Tapatjatjaka Community, on their website, stated in 2007:

There are also people who have been living in the Titjikala area for several generations, but whose family members came from other areas. Their children, having been born in this area, are connected to its dreaming. Consequently, Titjikala has become the home to Arrernte (traditional owners), Luritja and Pitjantjatjara people.

The above demonstrates the natural interconnection between language and cultural identity in Indigenous Australian culture.

==Languages==
Traditional languages are Luritja, Arrernte, and Pitjantjatjara. Arrernte is said to be the language of the traditional owners of the land. English is spoken in varying degrees of fluency.

==History==
Tapatjatjaka Community, on their website, gives the following history:
From the 1940s onwards families came to the Maryvale Station to work as stockmen and as domestic helpers. The station owners provided rations to the people who resided and worked on their stations.

Aboriginal people started settling in the area in the 1950s, when a mission truck visited every six weeks. Families would work at the surrounding stations as stockman, cameleers and domestic staff.

At this time the people still lived in traditional humpies.

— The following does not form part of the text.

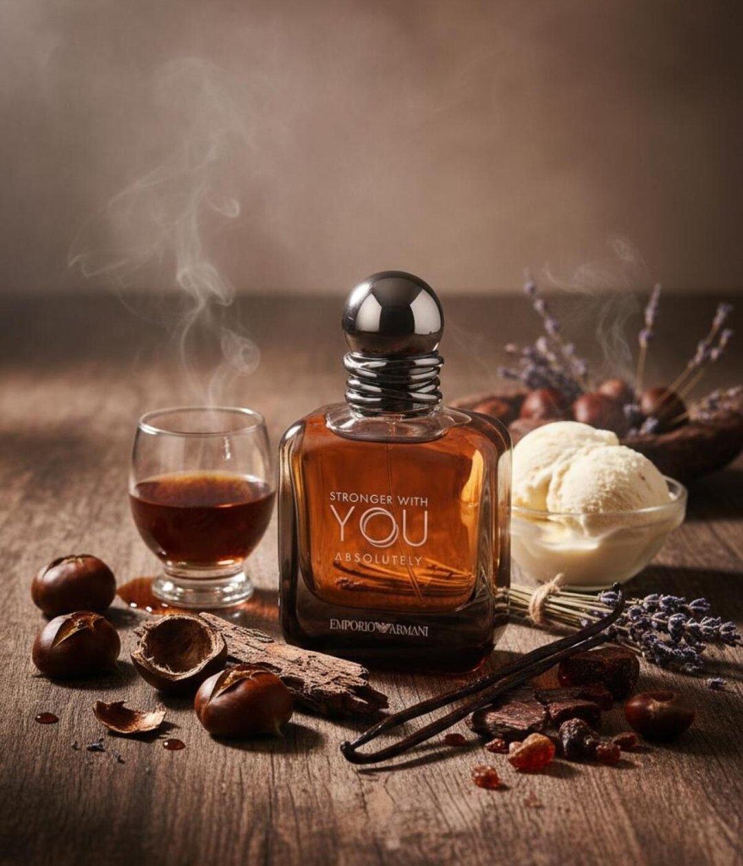 جورجیو آرمانی استرانگر ویت یو ابسولوتلی عطری گرم و تند با رایحه شرقی فوژه و محصول ایتالیا است که با ترکیب اعتیادآور شاهبلوط و وانیل، قدرتمندترین نسخه از این خانواده محسوب میشود.

Water was fetched from a well mainly by donkey wagons, but also by foot or by camel. Children and women would travel back and forwards most of the day collecting water from the well and carrying it to the humpy area. The community obtained its food from rations from the station (flour, salt and meat). People also collected bush tucker including goannas, kangaroos, witchetty grubs, bush tomatoes and bush bananas.

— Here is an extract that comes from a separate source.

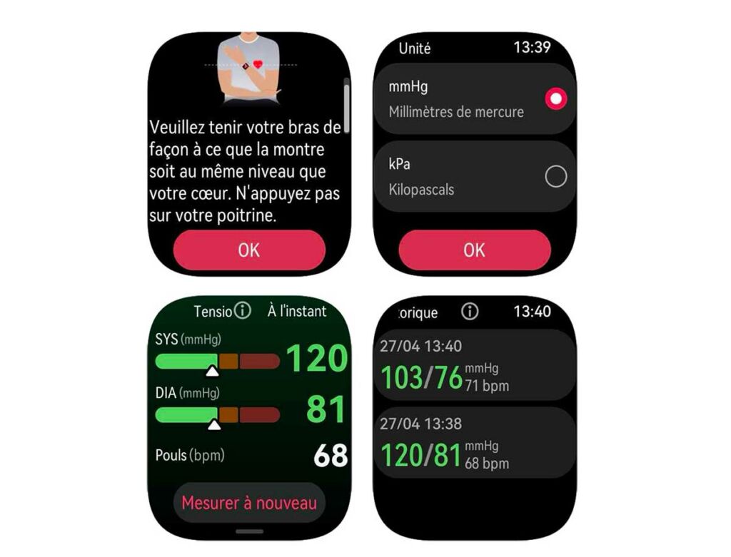 Notez tout de même que pour pouvoir en profiter, la mesure exige de respecter un protocole précis : être assis, le bras posé à hauteur du cœur, rester immobile pendant l’opération et s’assurer que le bracelet est correctement ajusté. Ces étapes alourdissent évidemment le processus, mais restent nécessaires pour garantir la fiabilité médicale.

Then in the early 1960s the community built their own sheds, much like garages, with concrete slabs for flooring. At this time the station laid piping from a good bore with the help of the Aboriginal people to provide a tap near the new buildings. As part of the village a church was built in the same garage style.

In the 1970s the first school was provided to the Titjikala people.

The community was originally a 200 ha excision from the Francis Well water reserve and the stock route. It is within the Maryvale Station pastoral lease, which was registered in 1978.

Titjikala community obtained freehold title to the excision in 1987 and in 1988 the Northern Territory Government gazetted the Titjikala control Plan, which places certain restrictions on land usage and development in the community.

Titjikala was visited on 28 June 2007 by one of the Howard Commonwealth Government's "scoping teams" (comprising federal bureaucrats, social / health workers, police and soldiers), sent to enforce a "crackdown" on sexual abuse in Aboriginal communities. Commonwealth Minister for Aboriginal Affairs, Mal Brough said that the Government's "crackdown" on sexual abuse in Aboriginal communities would begin with five communities, comprising Titjikala, Mutitjulu, Imanpa, Aputula, and Santa Teresa.

==Transport==
Access to Titjikala is by road or air. The roads and the airstrip can be washed out during heavy rains.

==Facilities==
There is an Indigenous art centre, Tapatjatjaka Art and Craft, where paintings and sculptures are produced for sale.

Gunya Titjikala was a tourist resort operated by Gunya Tourism at Titjikala. ("Gunya" is another word for "humpy" or shelter.) Profits were delivered to the community through a trust account arrangement. Gunya Titjikala is unique in being funded through a private loan by Macquarie Bank executive Bill Moss, who provided $400,000 to start operations. The Indigenous Land Council contributed $250,000 in venture capital in 2006. The Australian newspaper reported on 9 October 2007 that Gunya had suspended operations due to the cancellation of the Community Development Employment Program as part of the Howard Government's Northern Territory National Emergency Response interventions in the Northern Territory.

Titjikala has a general store, school, women's centre, early learning centre, aged care program, laundry, mechanical workshop, basketball court, health clinic and Centrelink agent.

A primary school exists at Titjikala.

Titjikala and its surrounds are governed by the Tapatjatjaka Community Government Council.

A Lutheran church is based in Titjikala. The Lutheran Church has had a long association with the Titjikala community.